Ah, I know what you’re going to say. Sharks and bears can kill you, and birds can’t. Not so fast. According to the World Health Organization, H5N1, the viral strain of bird flu, has killed more than 250 people since the first human cases in 2003. For the divers who might scoff, it’s worth noting that 26 of those deaths were in Egypt.

According to the International Shark Attack Files, there’ve been 464 deaths. Since 1958.

So, statistically, diving with sharks, ‘tamed’ or otherwise, was less risky than being sneezed on by a Kowloon duck; unless you’re going to let testosterone suggest that death by bird-bug somehow isn’t as worthy as being ripped limb from limb by a ferocious fish.

In nature the prey outnumbers the predator, although shark conservation groups are hardly rare. Perhaps it’s the ‘glamour’ of apex predators that’s lacking in rarer species lower on the food chain, turtles let’s say, that are part of the shark’s diet. We can only hope that if sharks survive, they won’t have to rely on our handouts, because activists were too busy saving them at the expense of what they’re supposed to eat.

Sharks have been around for 400 million years, so there’s no need to patronize them. They were outwitting sea monsters long before we evolved, and hopefully they’ll be swimming the oceans long after we’ve gone.

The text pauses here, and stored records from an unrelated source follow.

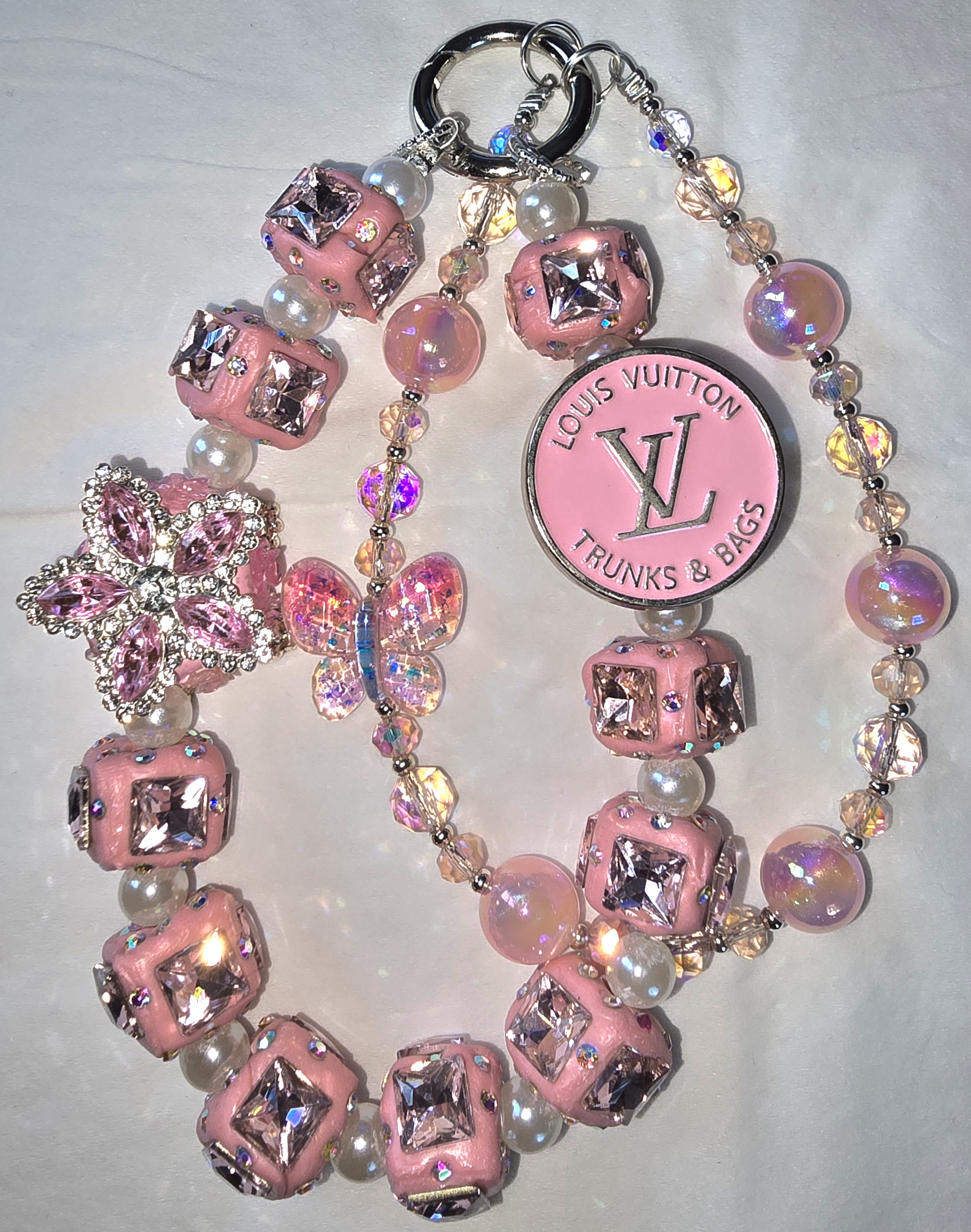 A playful ode to Parisian prestige, this designer accessory chain dazzles with oversized blush beads inset with square-cut rhinestones, creamy pearls, and iridescent accents that catch the light like fairy dust. The centerpiece—a bold pink medallion stamped with “LV TRUNKS & BAGS”—anchors the piece in iconic heritage. Surrounding it, a butterfly with holographic wings flutters beside a rhinestone-studded flower, evoking a garden of couture dreams. Finished with a sleek metal clasp, this chain is perfect for adorning handbags, belt loops, or even as a statement phone charm.
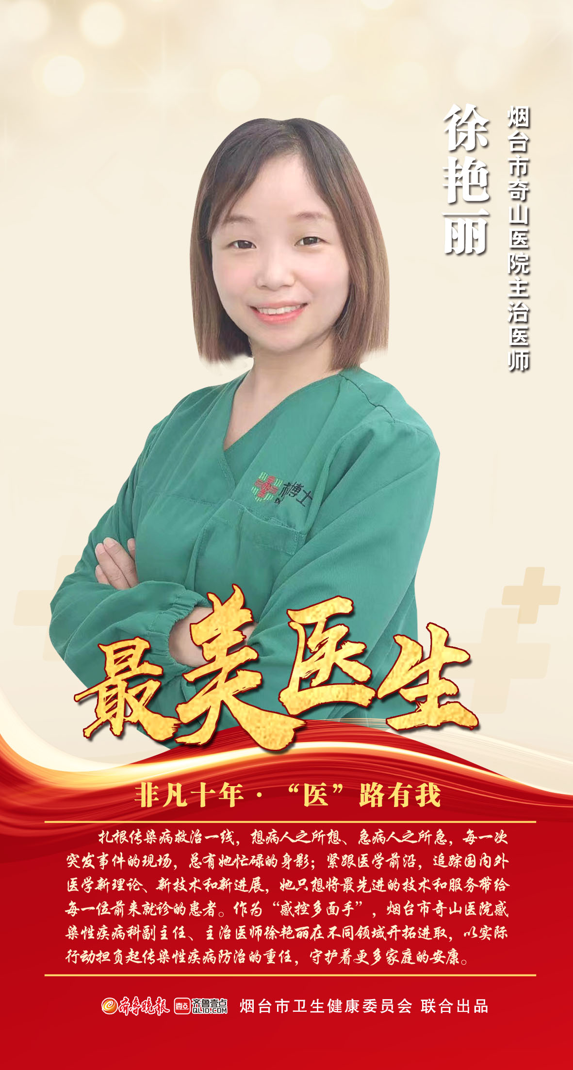 或勇于创新,以精湛的技术为生命护航;或无悔付出,始终奔忙在照护患者的最前线;或医德馨香,以满腔热忱护佑患者的就医之路。“烟台卫健这十年”涌现出了很多先进典型,为弘扬新时代卫健工作者职业精神,凝聚榜样力量,增强卫健工作者的责任感、使命感和荣誉感,即日起,齐鲁晚报·齐鲁壹点联合烟台市卫健委推出“非凡十年,‘医’路有我”系列专题报道,聚焦“医”路守护人民健康的医护人员代表,记录他们以行动践行救死扶伤的点滴瞬间。
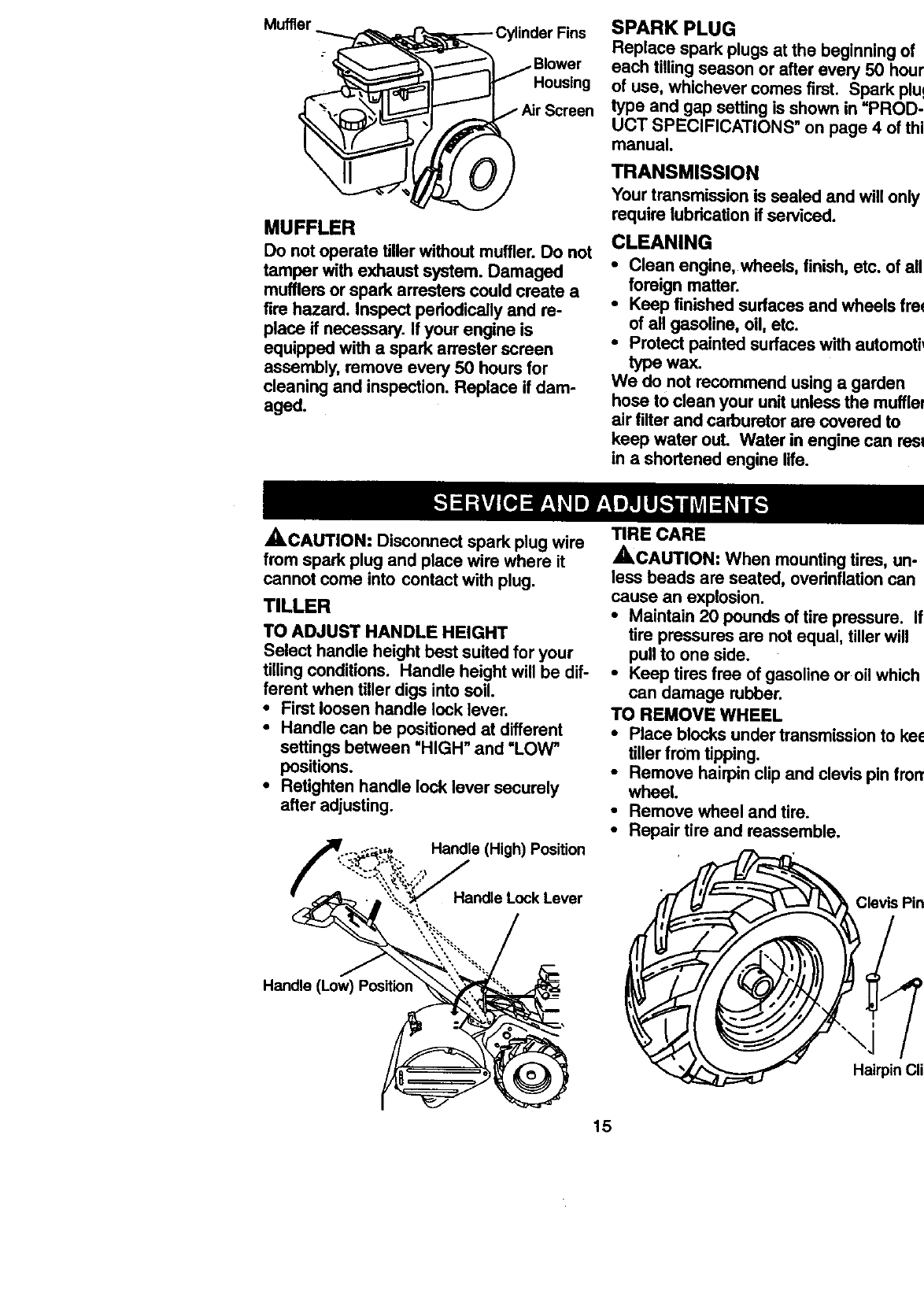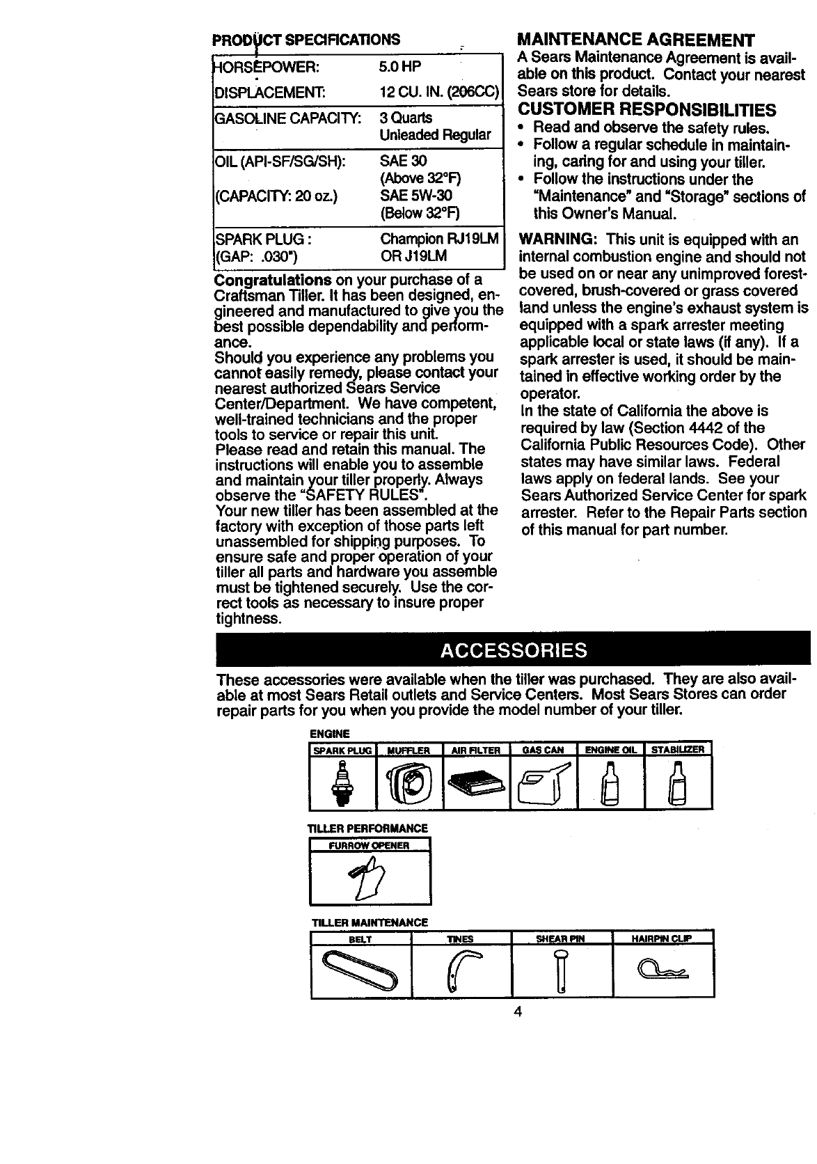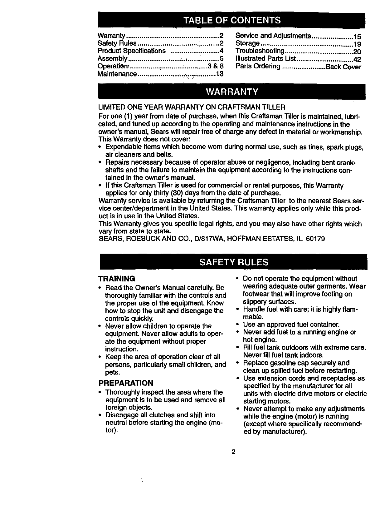 Warranty service is available by returning the Craftsman Tiller to the nearest Sears ser-
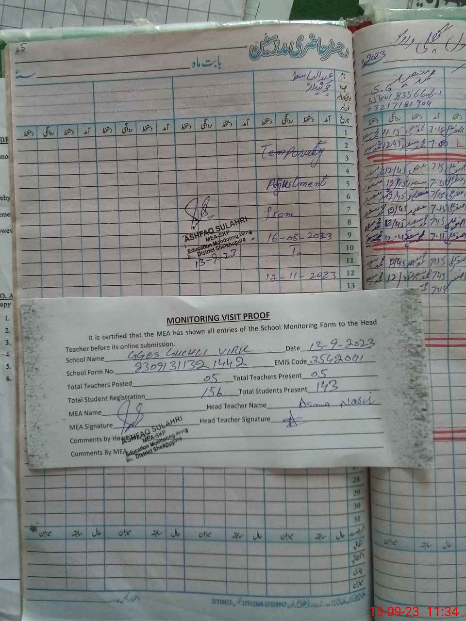 | Attendance Register | Head Teacher | MEA with School | Visit Proof |
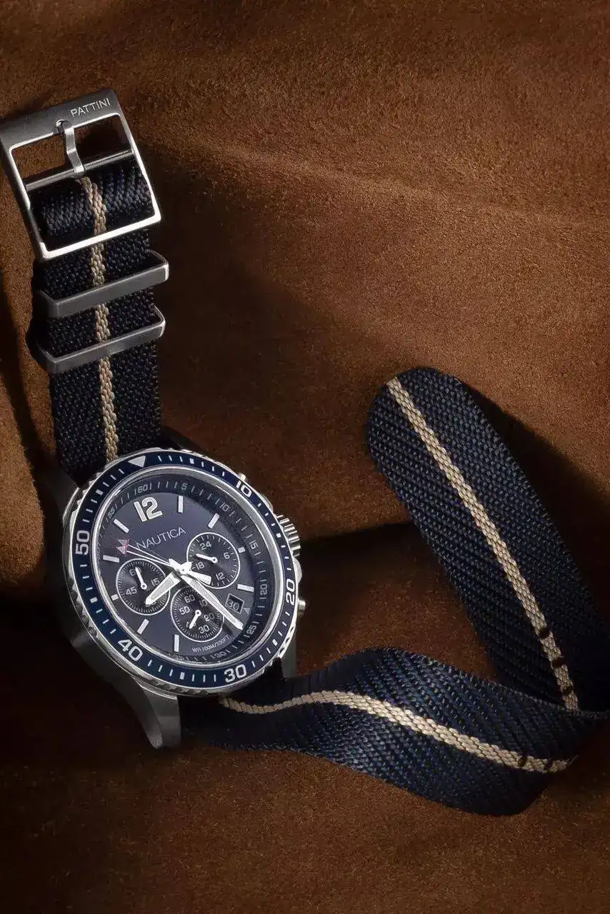 - El color. azul marino intenso con toques beige/dorados.
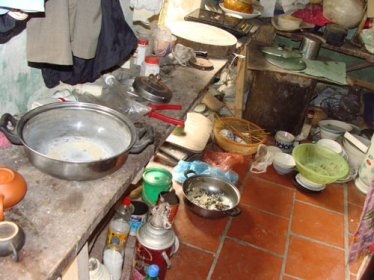 mắc trên giường. Trên đỉnh màn có mấy tấm xốp để hứng mưa dột. Bát đĩa ăn dở la
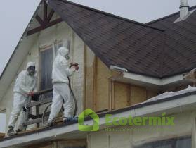 Метод напыления позволяет получать цельное, полностью герметичное покрытие, не пропускающее холод и влагу. Выполнять нанесение покрытий следует подготовленным специалистам. Компания «Экотермикс» предлагает услуги по утеплению самых различных помещений, фронтонов, ангаров и складов, контейнеров, а также разного типа трубопроводов методом напыления пенополиуретана. Мастерство профессионалов дополнит прекрасные качества полимера и обеспечит вас на долгие годы уютной мансардой, защищенной со всех сторон утепленными по всем правилам фронтонами.
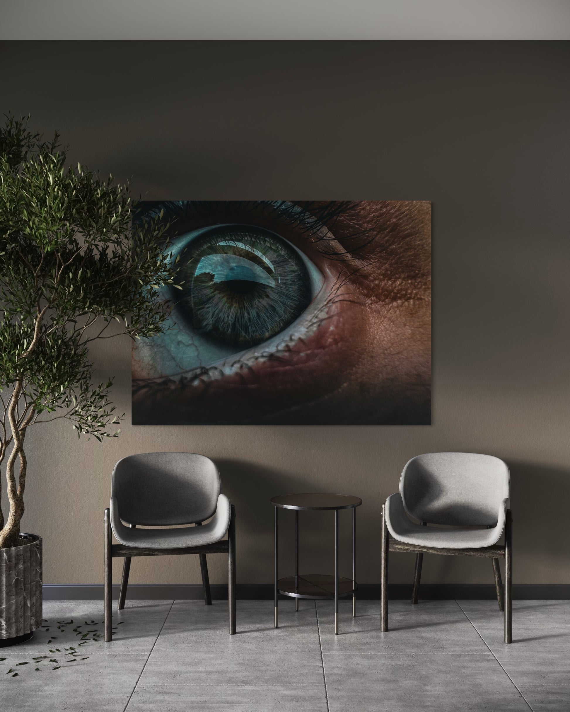 Museum-Quality Matte Paper Metal Framed Poster Step into the world of detail and emotion with The Eye of Perception, a macro fine art photography print by PolaDova. This close-up of a human eye reveals the intricate beauty of the iris, veins, and reflections — a poetic symbol of awareness, curiosity, and inner depth. Perfect for modern, surreal, or conceptual interiors that embrace emotion and meaning.

They’re not doe-eyed orang-utans, clinging on for dear life in a diminishing jungle. Conservationists estimate annual shark kill at about 70 million worldwide, so playing devil’s advocate the animals must be doing something right for there to be such abundance to kill every year

If staged feedings change shark behaviour, because it suits the shark, they might not only survive but also thrive. Ring fencing sharks around artificial feeding grounds may be unnatural, but if you believe conservationists then something radical needs to be done.

There’s no point waiting around for us to control our fishing fleets so that we can share the seas harmoniously with sharks, because it’s highly unlikely we’ll modify our behaviour until it’s too late. Blue fin tuna anyone? The shark simply cannot trust us to do the right thing. Not that it ever has, or that it ever will. I’m no expert in shark behaviour, but I suspect they don’t give a monkey’s.


2 Comments Leave A Reply

2 Responses to “Dining Out with Sacred Cows”

  1. Lana

    “The 2009 death of a French tourist snorkeling at St. John’s reef in the Red Sea immediately was linked to a suspicion of illegal feeding in the area even though the incident occurred during a natural encounter.”

    “According to the International Shark Attack Files, there’ve been 464 deaths. Since 1958.”

    You know the french tousist died by a shark attacking her, I know this person died.

    According to the International Shark Attack Files statistics you used here the french tourist was not properly killed by a shark, her’s and many other deaths are not included in these figures.

    So here we are comparing everyone killed by one animal or another to only those properly killed by a shark.